CREATE TABLE IF NOT EXISTS ad_minute_rollup (
ad_id BIGINT NOT NULL,
minute_start BIGINT NOT NULL,
click_count BIGINT NOT NULL,
updated_at BIGINT NOT NULL,
PRIMARY KEY (ad_id, minute_start)
)
""");
}
}
// Upsert with a monotonic guard: a replayed or out-of-order write never overwrites
// a larger count produced by a later batch correction.
public void upsert(long adId, long minuteStart, long count, long updatedAt) throws SQLException {
String sql = """
INSERT INTO ad_minute_rollup(ad_id, minute_start, click_count, updated_at)
VALUES (?, ?, ?, ?)
ON CONFLICT (ad_id, minute_start)
DO UPDATE SET
click_count = GREATEST(ad_minute_rollup.click_count, EXCLUDED.click_count),
updated_at = GREATEST(ad_minute_rollup.updated_at, EXCLUDED.updated_at)
""";
try (PreparedStatement ps = conn.prepareStatement(sql)) {
ps.setLong(1, adId);
ps.setLong(2, minuteStart);
ps.setLong(3, count);
ps.setLong(4, updatedAt);
ps.executeUpdate();
}
}
}
Key design decisions & trade-offs
- Processing model — Chosen: Lambda (stream + nightly batch) rather than pure streaming. True exactly-once at this volume is expensive and fragile; a cheaper stream that is overwritten by a trustworthy batch gives you both freshness and correctness, at the cost of two codebases.

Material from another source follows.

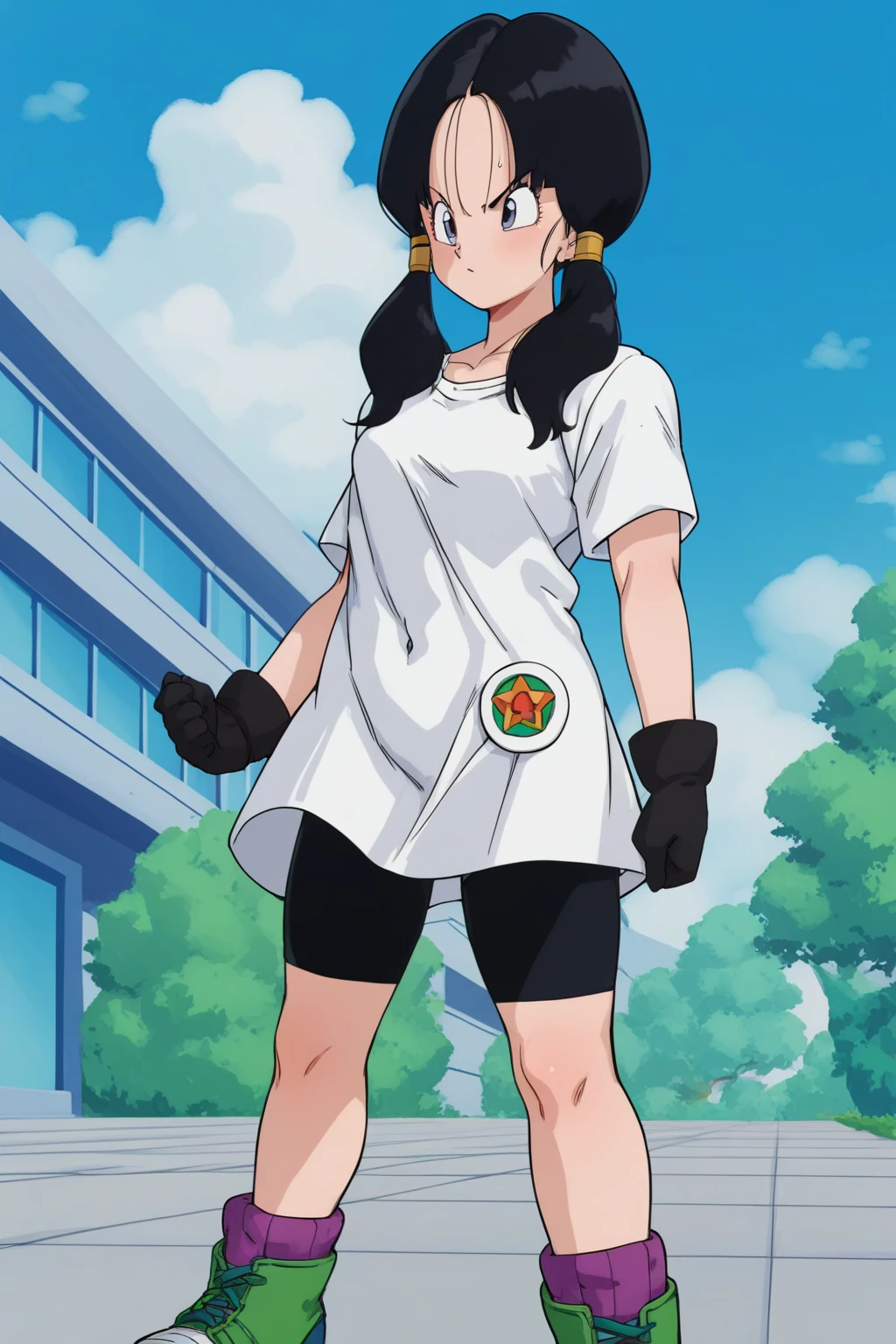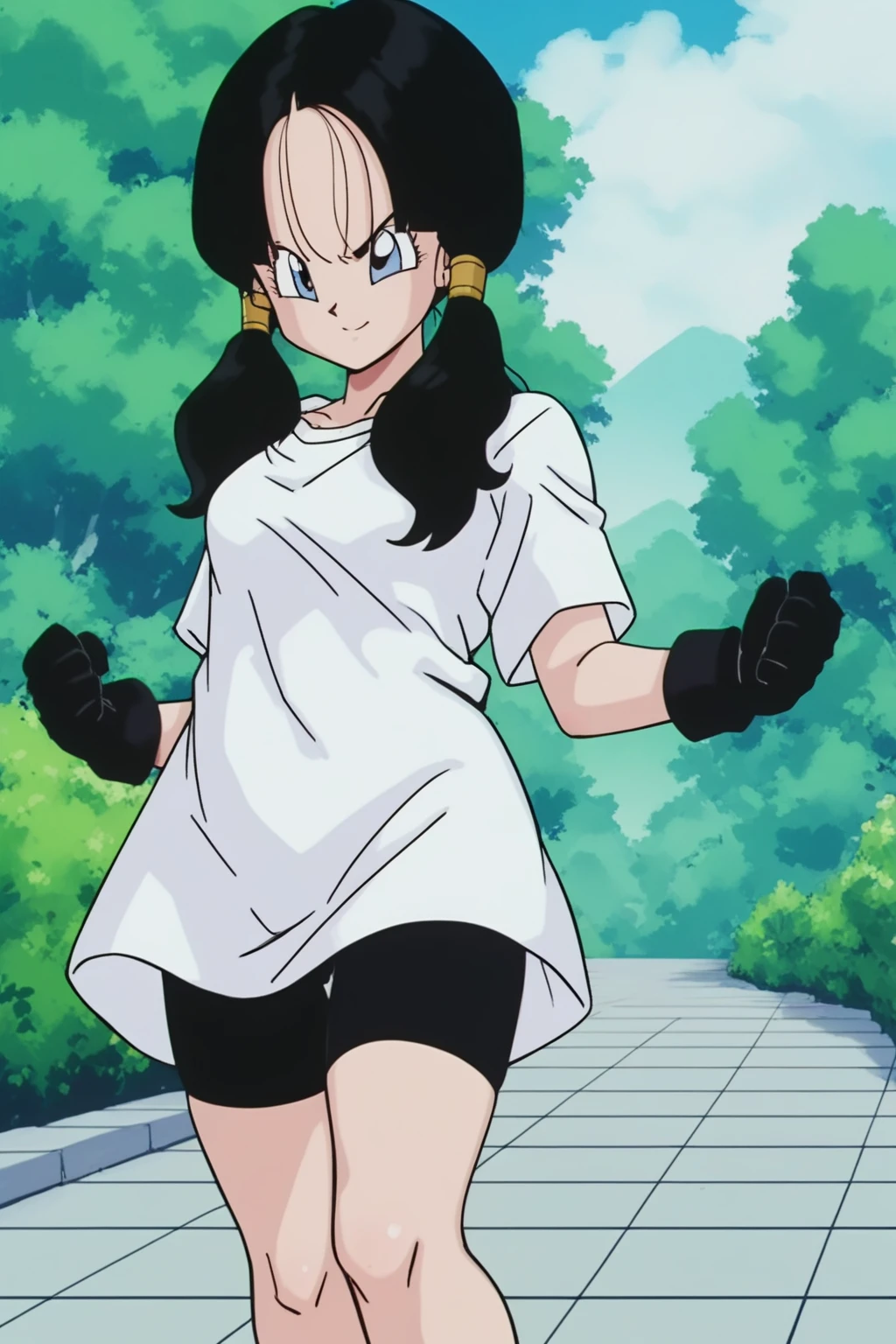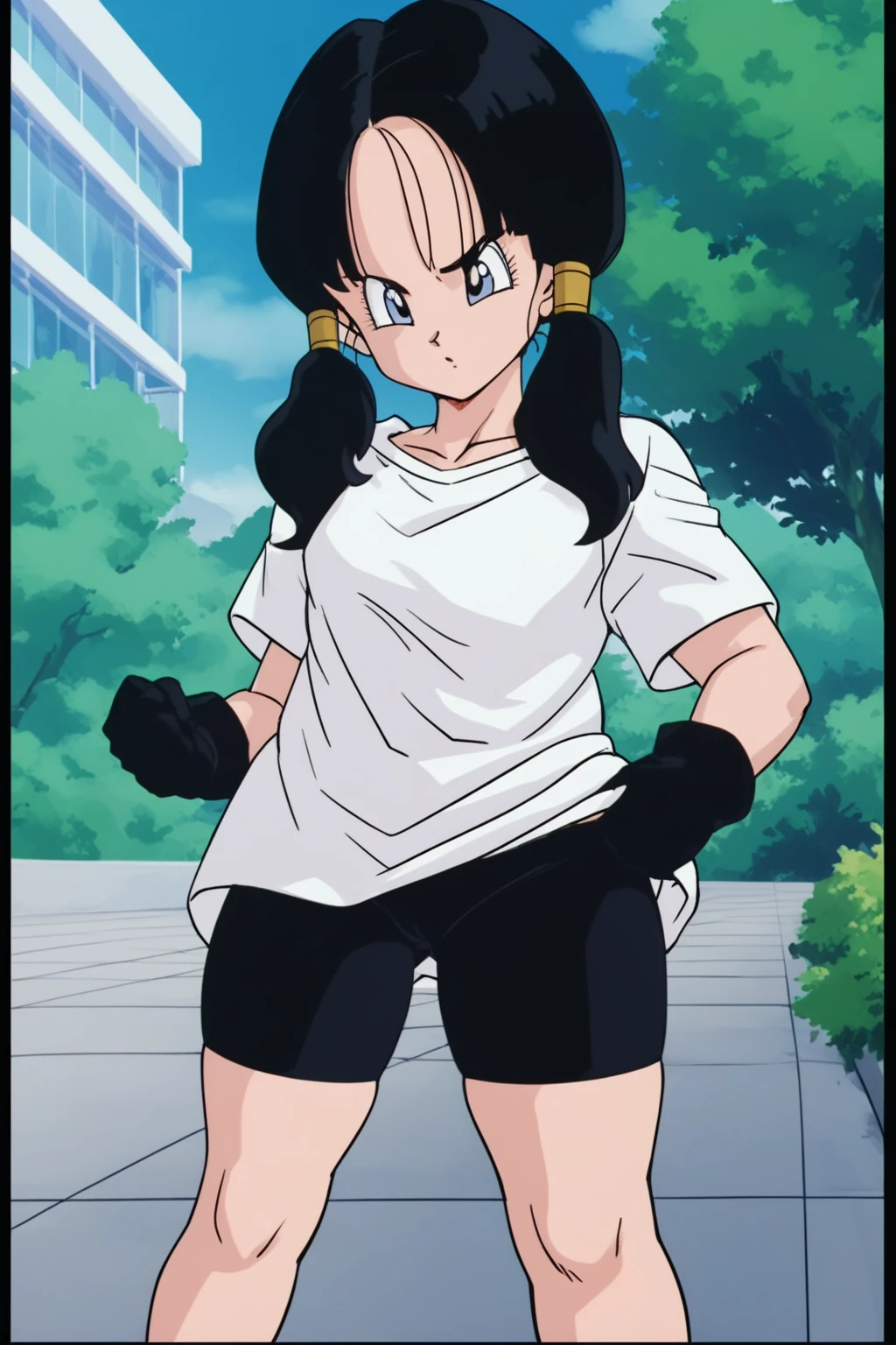 videl ,twintails, 1girl, bike shorts, white shirt, black hair, gloves,

- Windowing clock — Chosen: Event time with a bounded watermark. Processing-time windows are simpler but double-count after recovery and under-count during lag spikes; event time with a 10-second watermark matches how advertisers actually think about 'clicks per minute'.
- Deduplication strategy — Chosen: Idempotency key at ingest plus idempotent upsert at the sink. Kafka exactly-once across job restarts is achievable but brittle. Two cheap guards — a hashed event id and a PK-based upsert — cover every realistic replay path.
- Sink database — Chosen: Columnar OLAP (ClickHouse/Pinot) over a row-oriented OLTP database. Advertiser queries are wide scans over time ranges with group-bys on ad_id and campaign_id; columnar storage with compression is 10-100x faster for those shapes and cheaper to store.
- Raw event retention — Chosen: Archive every event to cold storage for at least 30 days. The batch corrector, compliance audits, and ML training pipelines all require the raw log. Kafka retention is too short and too expensive to serve that role directly.
- Partitioning key — Chosen: Partition Kafka by ad_id. Hot ads concentrate traffic, but aggregation is per-ad so co-locating events per partition keeps state local to a single Flink task and avoids cross-partition shuffles.
Interview follow-ups
- How do you detect and quarantine bot traffic before it inflates the streaming counters?
- How do you handle a single 'celebrity' ad whose traffic exceeds one Kafka partition?
- How do you reconcile when the nightly batch disagrees with the streaming number by more than 1%?
- How do you serve the advertiser dashboard sub-second while the OLAP store is absorbing millions of writes per minute?
- How does budget enforcement avoid over-spending when it reads a counter that lags by 60 seconds?
- How do you extend this pipeline to support per-user frequency capping without exploding the state size?